** Opening Supplied data block **

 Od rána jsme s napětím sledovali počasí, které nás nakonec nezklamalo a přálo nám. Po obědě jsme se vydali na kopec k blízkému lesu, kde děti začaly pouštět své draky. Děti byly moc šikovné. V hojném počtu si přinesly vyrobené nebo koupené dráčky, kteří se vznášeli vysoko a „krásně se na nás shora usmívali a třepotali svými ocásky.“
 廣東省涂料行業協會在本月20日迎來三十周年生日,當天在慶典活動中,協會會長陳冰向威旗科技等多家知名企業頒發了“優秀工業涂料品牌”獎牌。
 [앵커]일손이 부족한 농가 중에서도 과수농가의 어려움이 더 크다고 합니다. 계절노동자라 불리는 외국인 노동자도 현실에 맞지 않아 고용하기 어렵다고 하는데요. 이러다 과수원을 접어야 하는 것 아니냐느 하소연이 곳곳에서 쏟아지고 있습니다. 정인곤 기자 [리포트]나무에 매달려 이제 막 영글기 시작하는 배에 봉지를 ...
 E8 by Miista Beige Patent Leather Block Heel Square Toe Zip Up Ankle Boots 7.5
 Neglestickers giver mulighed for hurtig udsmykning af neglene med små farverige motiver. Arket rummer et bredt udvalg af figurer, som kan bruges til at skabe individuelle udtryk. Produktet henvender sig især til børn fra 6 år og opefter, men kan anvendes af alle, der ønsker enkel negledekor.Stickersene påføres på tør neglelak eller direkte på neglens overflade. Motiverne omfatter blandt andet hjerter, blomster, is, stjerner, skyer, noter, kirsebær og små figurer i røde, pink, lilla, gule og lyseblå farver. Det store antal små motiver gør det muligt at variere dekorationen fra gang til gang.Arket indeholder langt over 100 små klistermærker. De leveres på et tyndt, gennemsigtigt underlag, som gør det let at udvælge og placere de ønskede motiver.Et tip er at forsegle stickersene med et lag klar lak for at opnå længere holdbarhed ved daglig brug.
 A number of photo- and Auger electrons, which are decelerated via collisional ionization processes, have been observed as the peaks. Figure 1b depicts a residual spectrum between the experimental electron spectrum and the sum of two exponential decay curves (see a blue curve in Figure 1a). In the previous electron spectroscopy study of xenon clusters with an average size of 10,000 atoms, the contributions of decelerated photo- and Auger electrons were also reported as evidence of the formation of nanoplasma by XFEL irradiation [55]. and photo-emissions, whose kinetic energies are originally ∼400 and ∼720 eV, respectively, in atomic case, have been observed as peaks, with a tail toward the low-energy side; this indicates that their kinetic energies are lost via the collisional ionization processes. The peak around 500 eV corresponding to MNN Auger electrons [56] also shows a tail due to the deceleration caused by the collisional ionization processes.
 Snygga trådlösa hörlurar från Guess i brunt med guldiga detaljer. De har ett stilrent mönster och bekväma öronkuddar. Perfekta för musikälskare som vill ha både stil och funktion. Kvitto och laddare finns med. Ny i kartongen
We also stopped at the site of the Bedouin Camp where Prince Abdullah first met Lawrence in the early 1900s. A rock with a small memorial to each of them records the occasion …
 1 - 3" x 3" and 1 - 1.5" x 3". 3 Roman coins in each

** Closing Supplied data block **

### What you should do
Look over the entries for "each", then copy every line that includes that string.

### Task response
We also stopped at the site of the Bedouin Camp where Prince Abdullah first met Lawrence in the early 1900s. A rock with a small memorial to each of them records the occasion …
 1 - 3" x 3" and 1 - 1.5" x 3". 3 Roman coins in each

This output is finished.